Qu’est-ce qu’une alliance apporterait à LR? N’est-ce pas perdre votre identité et votre indépendance?

Ce qui perd notre identité, c’est de ne pas gouverner ; ce qui ruine notre indépendance, c’est d’apparaître aux yeux des Français comme la tranche de jambon coincée dans le sandwich entre le gouvernement et les partis extrémistes. Comme je l’ai dit dès le lendemain des législatives, un parti de gouvernement c’est fait pour gouverner. Or si rien ne se passe, en 2027, cela fera dix-sept ans que nous n’aurons pas œuvré au service des Français! Et il n’y a aucune raison de penser qu’ils vont spontanément se jeter dans nos bras et ne pas choisir une Marine Le Pen sur le modèle de l’Italie ou de la Suède.

Les LR sont comme les Gaulois de Jules César : « peuple querelleur, batailleur, éternellement divisé mais capable, quand les circonstances le commandent, de se rassembler derrière un grand chef » Concrètement, comment un pacte de gouvernement devrait-il prendre forme? Que demandez-vous à Emmanuel Macron et à LR?

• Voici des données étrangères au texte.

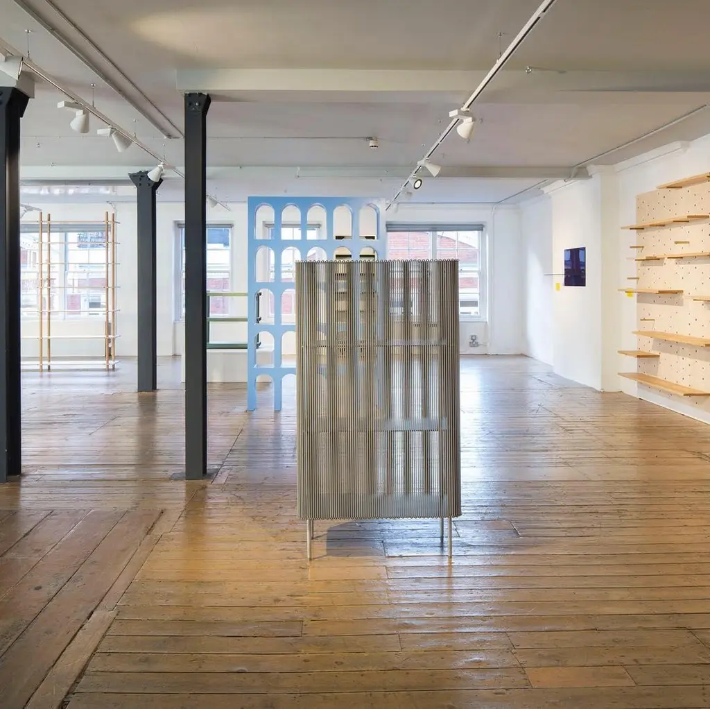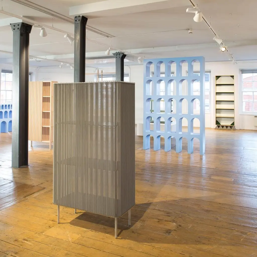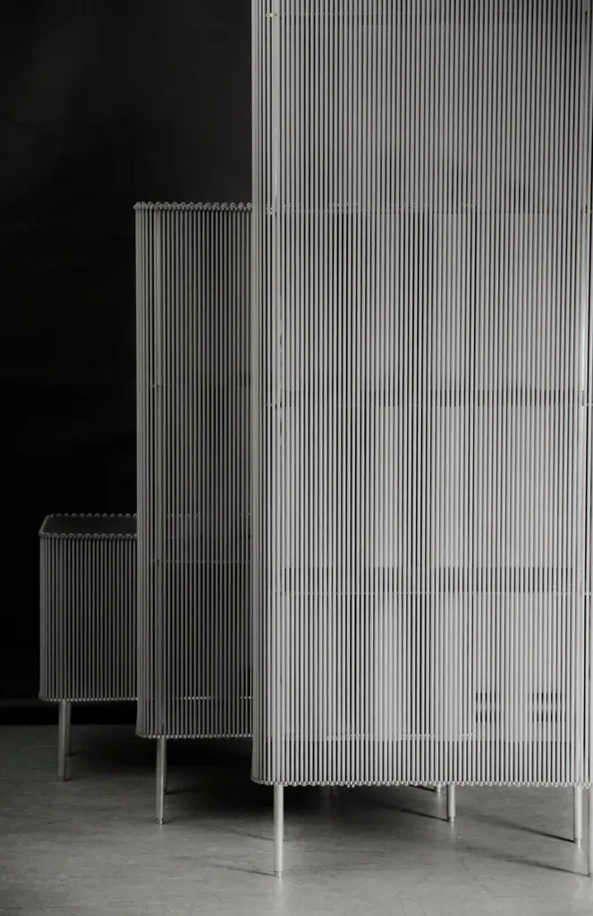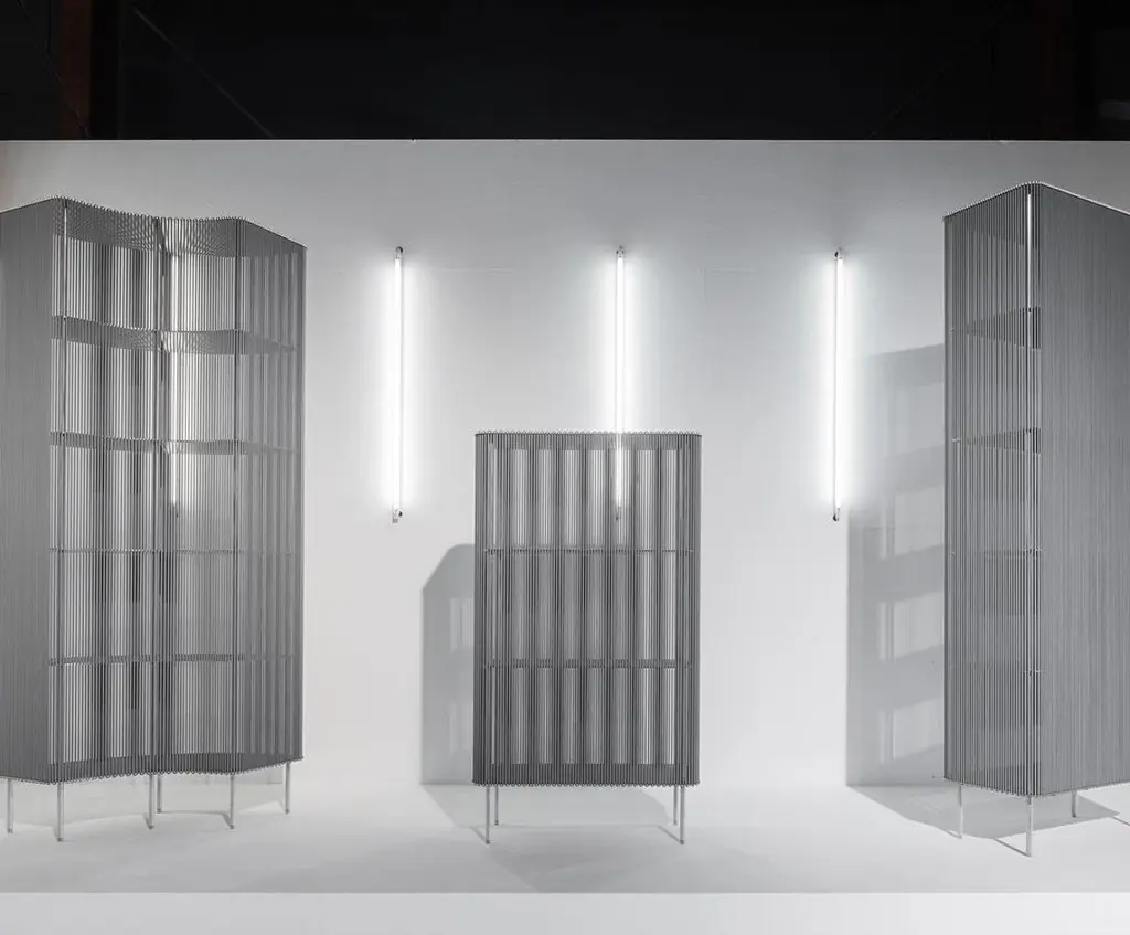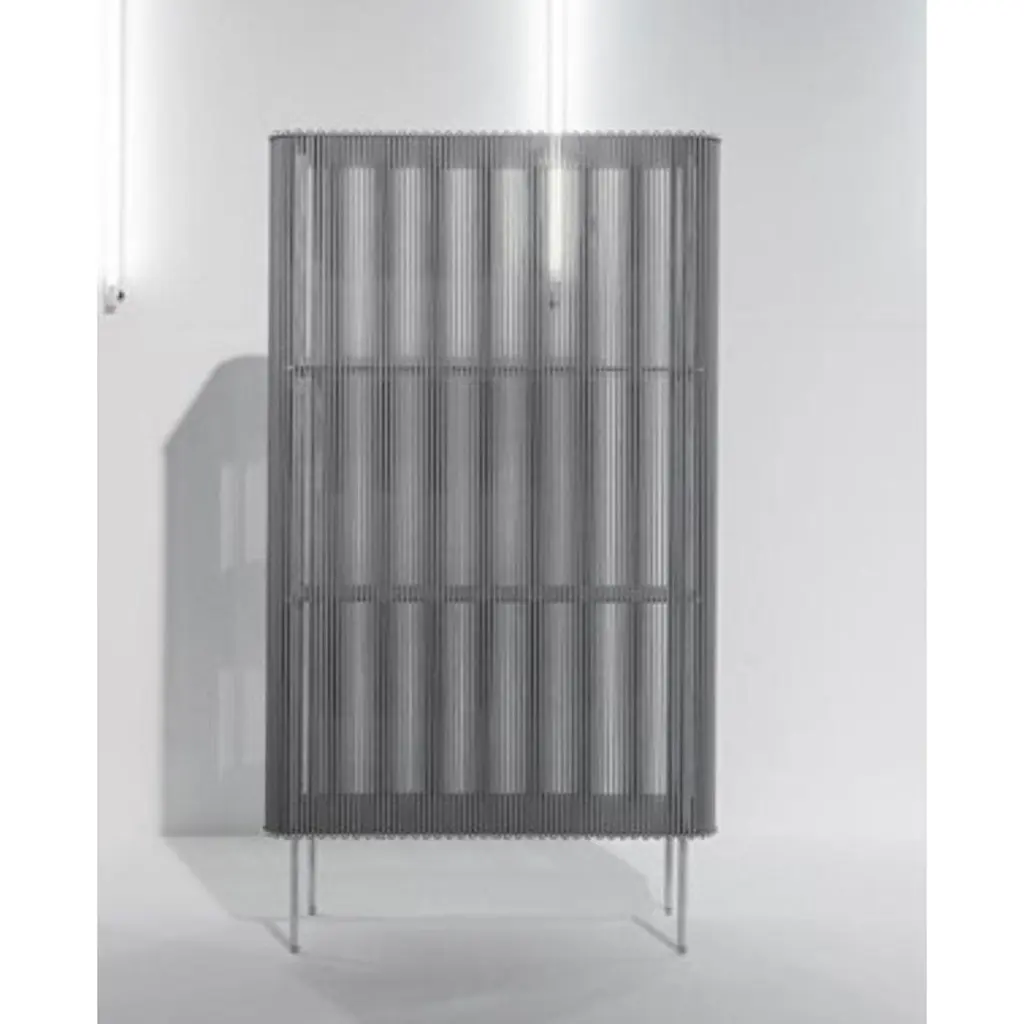 Coil #3 low cabinet by Bram KerkhofsDimensions: D80 x W40 x H144.5 cmMaterials: Stainless steel, aluminum, elastic rope (natural rubber, polyethylene).Other dimensions are available.Coil is a modular cabinet system in which the ‘shell’ is formed completely around a base as a semi-transparent curtain from a vertical and parallel woven elastic rope. It forms the middle between a classic open rack and a display cabinet and can be used on all sides. Coil redefines the cabinet as an object in its use. To put something in or to get it out, the elastics have to be pushed aside. Coil is a good example to clarify my dealings with materials and their properties. To be able to attach the elastic rope, the rope must be stretched so that the rope becomes thinner. The top and bottom shelf of the cabinet are provided with a specific cut-out curve at the edge so that the stretched elastic can be inserted, after which it relaxes nicely in the recessed opening. Due to its modular construction, the coil can vary in height by 40 cm each. The inner shelves are slightly smaller. This keeps them away from the screen. Coil has a fixed rounded rectangular format of 40 x 80 cm (W x H) and can be combined with quarter circle modules with a radius of 40 and 80 cm. This makes it possible to build freestanding walls as a composition of curved and straight forms, as functional room dividers.Bram Kerkhofs (° 1977) is a Belgian furniture designer looking for new forms and methods to challenge the functionality and flexibility of a furniture piece. Educated as a goldsmith he is fascinated by connections, hinges, knots and joints, and especially by the functional opportunities they generate. His work is filled with mathematical principles resulting in intelligible algorithms to make them understandable. He draws particular attention to the relationship between construction and material, bringing simplicity into complexity, with a lasting alertness to the final function. This time-intensive design and development process results in innovative construction systems automatically expressing his signature. Many of his designs must be seen in a bigger picture, as parts to a whole, in which he explores the endless possibilities for links, combinations and variations. Bram wants to clarify complex constructions and gives the consumer and the spectator insight into his thinking process. That is why his work partly revolves around people, as the manipulators of his modular furniture, but above all, Bram aims to influence through collaborations with his interns, apprentices and students and with the wider world around him through workshops and lectures all around the globe.

Une réunion au sommet pour tout mettre sur la table! Car c’est à M. Macron de faire des concessions pour un authentique virage à droite et une reprise en main du pays. Les LR - devenus seconde force de la majorité - devront exiger du président un changement radical sur les réformes, et prendre la responsabilité de ministères clés, voire le premier d’entre eux. C’est la meilleure manière de dire aux Français que nous voulons répondre à leurs inquiétudes et faire émerger de nouveaux visages à droite autrement que sur les plateaux de BFM les soirs de défaite. Enfin! Nouveau programme, nouveau gouvernement, nouvel agenda. D’ailleurs, toutes les études d’opinion confirment que la France est dans l’attente d’une politique de droite moderne, capable de rétablir l’autorité quand c’est nécessaire tout en mettant en œuvre un programme économique, social et environnemental audacieux mais juste.

Pensez-vous vraiment que Les Républicains pourront parler d’une seule voix alors qu’il y a tant de divergences sur les retraites, l’immigration, le développement durable?

Les LR sont comme les Gaulois de Jules César: «peuple querelleur, batailleur, éternellement divisé mais capable, quand les circonstances le commandent, de se rassembler derrière un grand chef». Sinon cela ne sert vraiment à rien de s’engager en politique pour la France.

Que répondez-vous à ceux qui estiment que gouverner avec Emmanuel Macron, c’est ne plus laisser d’autres choix alternatifs aux Français qu’un vote pour le RN à la prochaine présidentielle?

Je leur réponds qu’ils ont raison et que le risque existe effectivement! Mais ce risque existe déjà aujourd’hui puisque la droite de gouvernement, on l’a vu cet été sur la loi «pouvoir d’achat» qu’elle a voté, ou sur la motion de censure RN/Nupes qu’elle n’a pas votée, a pu mesurer la limite de ce positionnement. Un autre scénario existe: gouverner jusqu’en 2025-2026 pour mettre en œuvre un certain nombre de réformes que l’actuelle «majorité minoritaire» ne fera jamais et ensuite reprendre son indépendance pour préparer l’élection présidentielle de 2027.